NOTE: matrices need not be symmetric about their major diagonal. The row-column format of a matrix corresponds to query-subject letter pairs.
See also: altscore, M and N.
  mformat=<m>[,outfile] used to select an output format by numerical identifier, m, and optionally the name of the file where the output should be written, outfile. Multiple formats may be chosen for simultaneous output during a single search, as long as a different outfile is indicated for each format. If no outfile is specified, either standard output (stdout) or the setting of the O option (if set) is used. At most one mformat specification on a given command line may lack an outfile. If outfile contains any white space (e.g., blanks or tabs), the entire token should be enclosed in quotes, to prevent command line interpreters from breaking it into separate arguments.
The various output formats available are displayed if mformat=list is specified on an otherwise syntactically correct command line. (Example:  blastp foo foo mformat=list).
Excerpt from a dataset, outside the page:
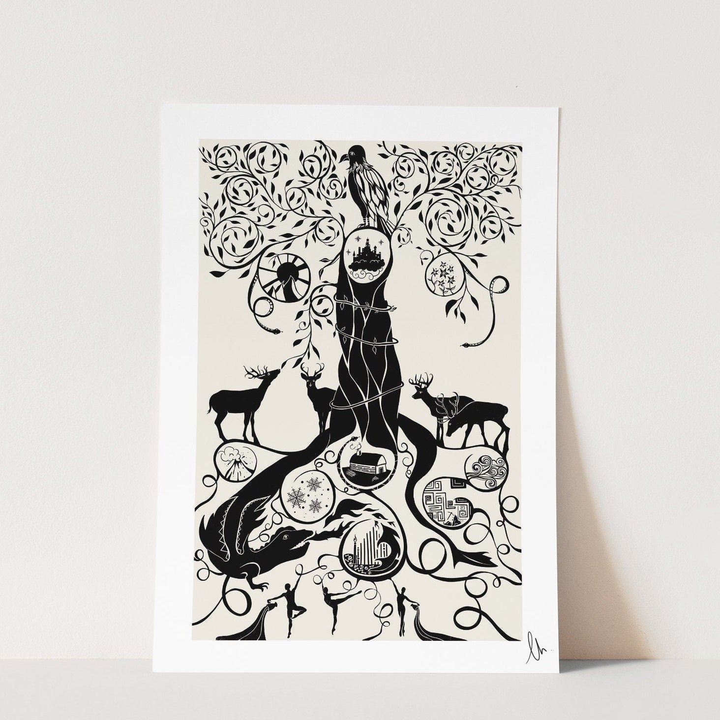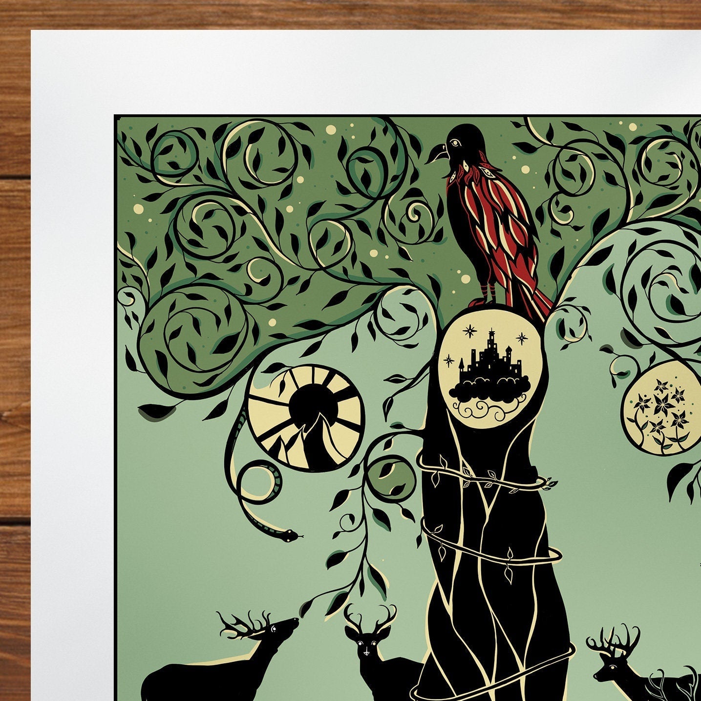 The Tree of Life and the centre of the universe holding the nine realms of Norse Mythology. The Yggdrasil is believed to be a huge ash tree holding places such as Asgard, Midgard, and Hel before being destroyed by Ragnarok. Perfect for fans of Norse mythology and fantasy landscapes, this minimal retro-style poster could liven up your study, or bedroom!

Setting mformat=0 clears any mformat specification(s) appearing to the left on the command line.
Depending on the output format, some command line options cause additional elements to appear; these options include: topcomboN, topcomboE and links.

The available choices for m and their associated formats are:

list output this list and halt;
0 reset to default output only;
1 pairwise (default);
2 tabular (see description);
3 tabular with comments (see description);
4 PostScript™ graphics* (see description);
5 neighborhood word listings;*
7 XML conforming to NCBI_BlastOutput.dtd (see example, best viewed in Firefox).

*Formats that are subject to change or removal without notice.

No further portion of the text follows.